6The time may have come where this Court should re-evaluate its plain error review standard and consider whether it should not also include an analysis of errors that seriously affect the fairness of the trial or the integrity of judicial proceedings, whether or not the defendant is able to prove specific prejudice. See Jeffrey L. Lowry, Plain Error Rule--Clarifying Plain Error Analysis Under Rule 52(b) of the Federal Rules of Criminal Procedure, 84 J. Crim. L. & Criminology, 1065 (1994). The underlying concept is that the failure to interpose a timely objection, for instance, may result in a forfeiture of that right, but forfeiture does not equate to waiver and it does not extinguish the error. Id. at 1072.

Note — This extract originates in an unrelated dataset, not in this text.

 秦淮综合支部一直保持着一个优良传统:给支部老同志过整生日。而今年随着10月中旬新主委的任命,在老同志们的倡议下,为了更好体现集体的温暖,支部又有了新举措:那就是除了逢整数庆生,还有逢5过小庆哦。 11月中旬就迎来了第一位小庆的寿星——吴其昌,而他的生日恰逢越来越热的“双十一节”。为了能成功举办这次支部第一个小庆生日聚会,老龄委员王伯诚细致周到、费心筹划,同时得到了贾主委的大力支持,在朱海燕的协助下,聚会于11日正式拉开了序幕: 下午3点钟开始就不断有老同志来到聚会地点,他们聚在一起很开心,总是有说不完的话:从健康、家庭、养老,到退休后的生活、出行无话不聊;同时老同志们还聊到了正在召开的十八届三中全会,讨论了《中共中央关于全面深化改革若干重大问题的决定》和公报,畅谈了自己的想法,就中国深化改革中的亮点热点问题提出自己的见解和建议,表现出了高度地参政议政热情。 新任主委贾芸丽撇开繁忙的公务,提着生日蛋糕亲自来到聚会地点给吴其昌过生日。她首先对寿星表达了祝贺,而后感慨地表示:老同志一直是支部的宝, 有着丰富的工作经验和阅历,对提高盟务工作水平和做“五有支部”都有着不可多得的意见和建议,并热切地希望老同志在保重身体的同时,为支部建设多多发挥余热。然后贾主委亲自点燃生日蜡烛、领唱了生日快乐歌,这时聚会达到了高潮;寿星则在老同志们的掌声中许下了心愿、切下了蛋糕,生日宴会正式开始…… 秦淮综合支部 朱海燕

7The appellant was charged and convicted of sexual abuse of a minor in the first degree, in violation of Wyo. Stat. Ann. § 6-2-314(a)(ii) (LexisNexis 2011), which states:

(a) An actor commits the crime of sexual abuse of a minor in the first degree if:

(ii) Being eighteen (18) years of age or older, the actor inflicts sexual intrusion on a victim who is less than eighteen (18) years of age, and the actor is the victim’s legal guardian or an individual specified in W.S. 6-4-402[.]

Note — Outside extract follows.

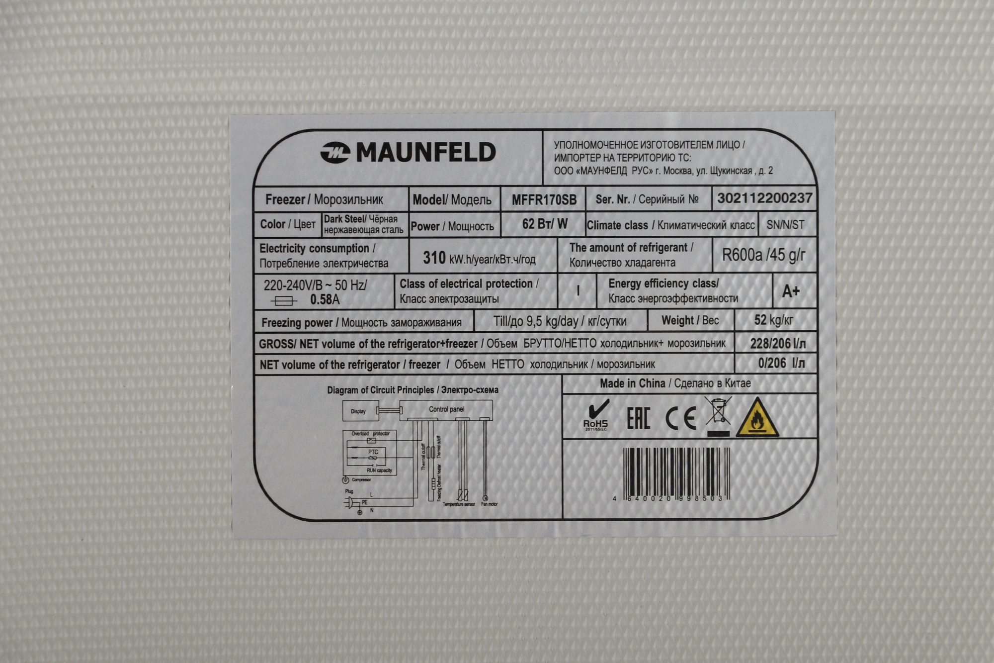 | Объем морозильной камеры | 206 л |

8The appellant was charged and convicted of sexual abuse of a minor in the second degree, in violation of Wyo. Stat. Ann. § 6-2-315 (a)(iii) (LexisNexis 2011), which states:

(a) Except under circumstance[s] constituting sexual abuse of a minor in the first degree as defined by W.S. 6-2-314, an actor commits the crime of sexual abuse of a minor in the second degree if:

(iii) Being eighteen (18) years of age or older, the actor engages in sexual contact with a victim who is less than eighteen (18) years of age and the actor is the victim’s legal guardian or an individual specified in W.S. 6-4-402[.]

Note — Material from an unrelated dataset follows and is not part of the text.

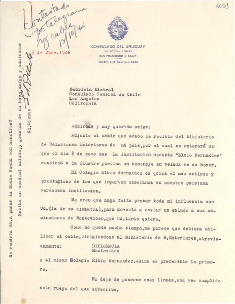 [Carta] 1946 dic. 5, [San Francisco, California] [a] Gabriela Mistral, Los Ángeles [manuscrito] Eduardo Dieste.

9I also agree that: (1) There was sufficient evidence to support Appellant’s conviction on Count I; (2) Appellant failed to establish that his confession was involuntary; (3) It was error to give the “no corroboration of victim’s testimony is necessary” instruction; and (4) Appellant did not establish ineffectiveness of defense counsel.

10I question the majority’s use of language from the State’s brief to imply that the State is conceding that there was no corroborating evidence to support the truth of the confession. Because the issue was not raised, the State never addressed the issue and any statements by the State in its brief are necessarily taken out of context.

11Again, I would point out that, in this case, Appellant did not raise the corpus delicti issue.

12According to the Court:

The victim in this case is a handicapped child. She suffered from a malignant brain tumor for which she had been subjected to radiation therapy, chemotherapy, and surgery. Although nine years old at the time of the alleged offenses, the victim’s mental ability was that of a four-year old or a four-year, eight-month old child. She had been subjected to five surgeries which compounded her slowness, lack of coordination, speech problems, right-sided weakness and impaired long-term memory.

Betzle, 847 P.2d at 1013.

13The word “suspected” was handwritten on the typed jury instruction.

14On redirect, the State introduced a brief portion of the interview into evidence without objection. That portion of the interview is not challenged by Appellant, or relied upon by the majority in reaching its determination. See majority opinion paragraph 54.